▶ Recorded data
_ _ _

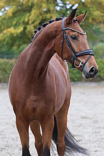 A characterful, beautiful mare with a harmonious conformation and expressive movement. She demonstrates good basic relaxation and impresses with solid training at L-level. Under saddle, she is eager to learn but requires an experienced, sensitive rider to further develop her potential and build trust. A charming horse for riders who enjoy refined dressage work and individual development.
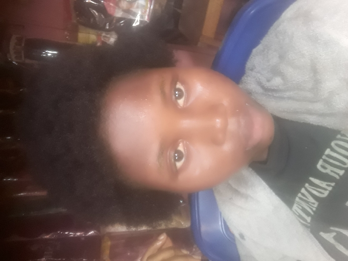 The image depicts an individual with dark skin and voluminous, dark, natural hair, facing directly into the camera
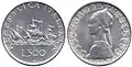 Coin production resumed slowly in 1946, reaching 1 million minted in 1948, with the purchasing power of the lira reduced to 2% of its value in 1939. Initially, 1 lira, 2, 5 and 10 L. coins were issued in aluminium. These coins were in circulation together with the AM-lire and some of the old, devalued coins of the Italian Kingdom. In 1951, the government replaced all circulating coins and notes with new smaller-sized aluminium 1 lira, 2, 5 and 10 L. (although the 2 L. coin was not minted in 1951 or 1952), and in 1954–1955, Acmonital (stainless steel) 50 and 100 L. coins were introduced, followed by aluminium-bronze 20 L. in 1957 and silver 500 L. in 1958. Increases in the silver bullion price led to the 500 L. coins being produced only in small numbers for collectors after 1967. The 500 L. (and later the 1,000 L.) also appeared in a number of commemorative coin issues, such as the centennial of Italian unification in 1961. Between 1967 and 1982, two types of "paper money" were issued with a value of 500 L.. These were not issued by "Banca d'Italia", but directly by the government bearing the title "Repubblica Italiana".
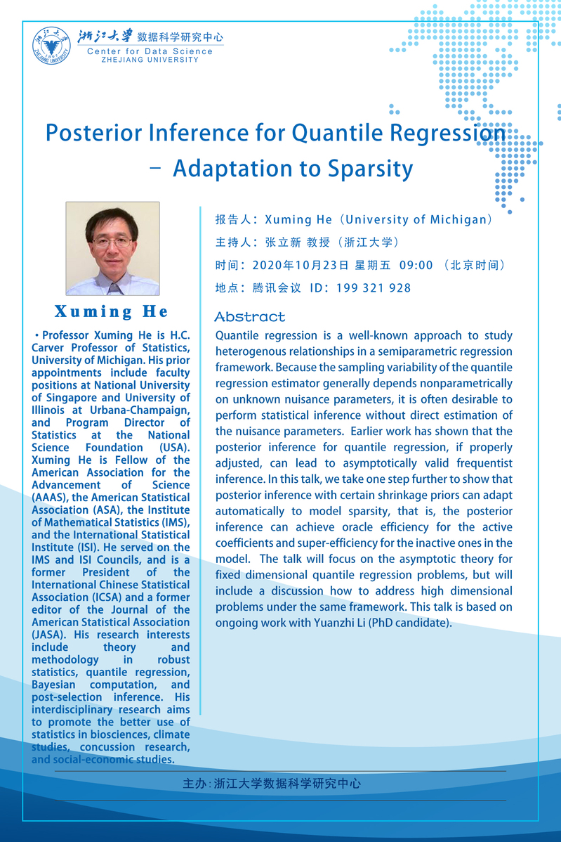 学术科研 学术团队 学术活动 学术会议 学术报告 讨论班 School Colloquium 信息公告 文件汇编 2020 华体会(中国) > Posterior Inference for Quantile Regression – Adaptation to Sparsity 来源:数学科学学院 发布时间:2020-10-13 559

_ _ _

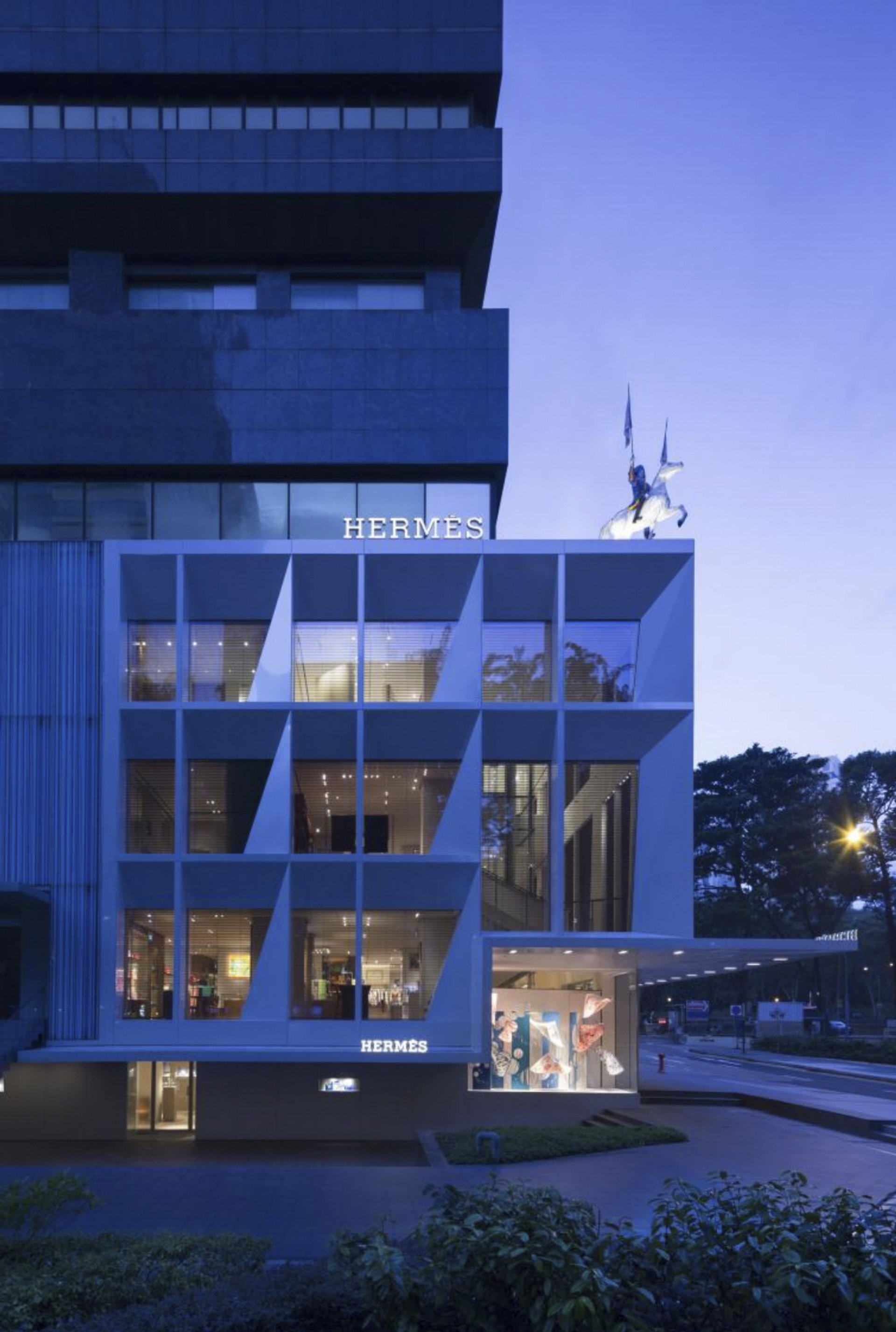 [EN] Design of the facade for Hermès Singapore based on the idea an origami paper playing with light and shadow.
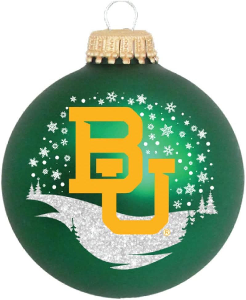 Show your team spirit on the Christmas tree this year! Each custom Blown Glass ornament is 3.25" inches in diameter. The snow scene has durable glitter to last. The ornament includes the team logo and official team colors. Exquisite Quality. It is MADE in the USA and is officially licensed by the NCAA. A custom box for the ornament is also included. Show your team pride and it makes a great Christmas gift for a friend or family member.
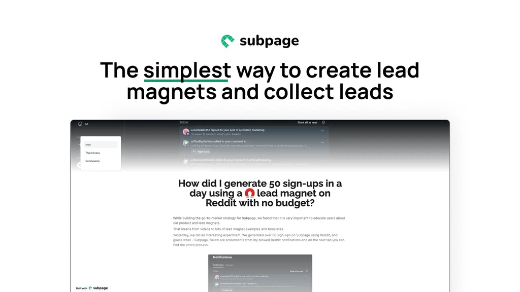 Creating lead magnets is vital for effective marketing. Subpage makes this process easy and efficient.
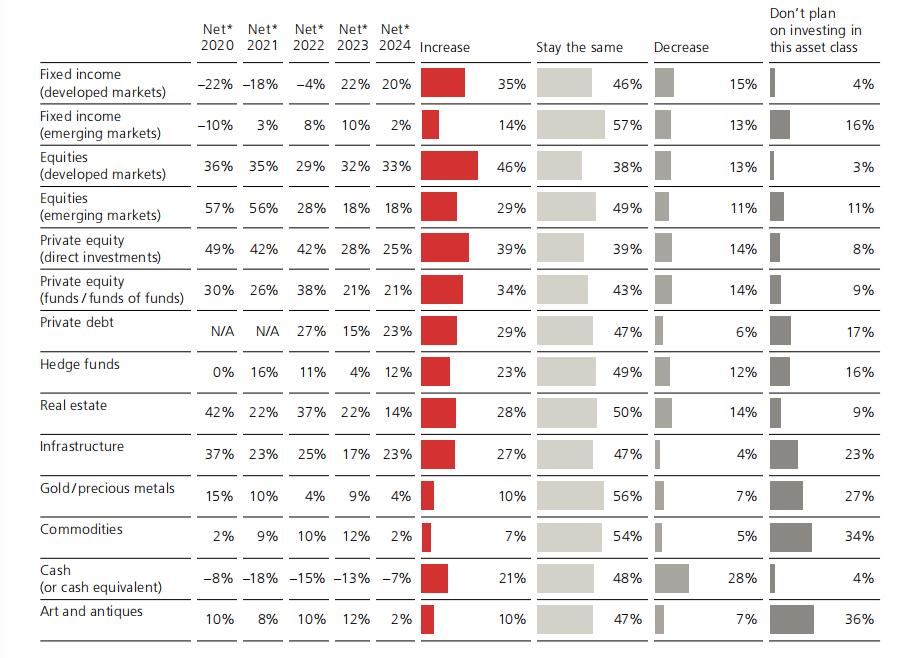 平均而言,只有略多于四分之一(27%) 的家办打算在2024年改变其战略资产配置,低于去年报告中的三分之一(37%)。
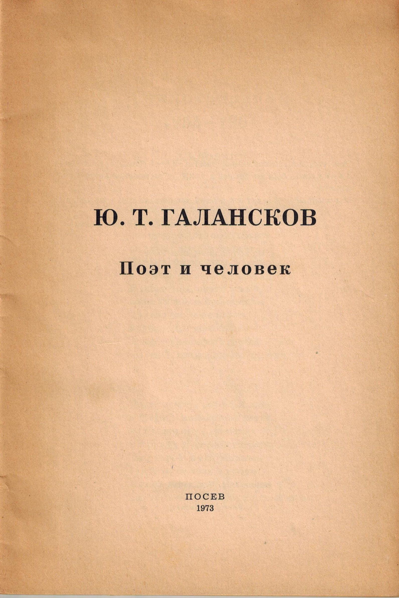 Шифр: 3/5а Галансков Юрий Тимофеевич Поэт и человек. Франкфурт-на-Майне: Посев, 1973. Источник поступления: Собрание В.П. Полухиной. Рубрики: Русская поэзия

_ _ _

Above are some entries. Restate word for word the lines from the one holding "A characterful, beautiful" through the one holding "The image depicts", but not the pictures.

 A characterful, beautiful mare with a harmonious conformation and expressive movement. She demonstrates good basic relaxation and impresses with solid training at L-level. Under saddle, she is eager to learn but requires an experienced, sensitive rider to further develop her potential and build trust. A charming horse for riders who enjoy refined dressage work and individual development.
 The image depicts an individual with dark skin and voluminous, dark, natural hair, facing directly into the camera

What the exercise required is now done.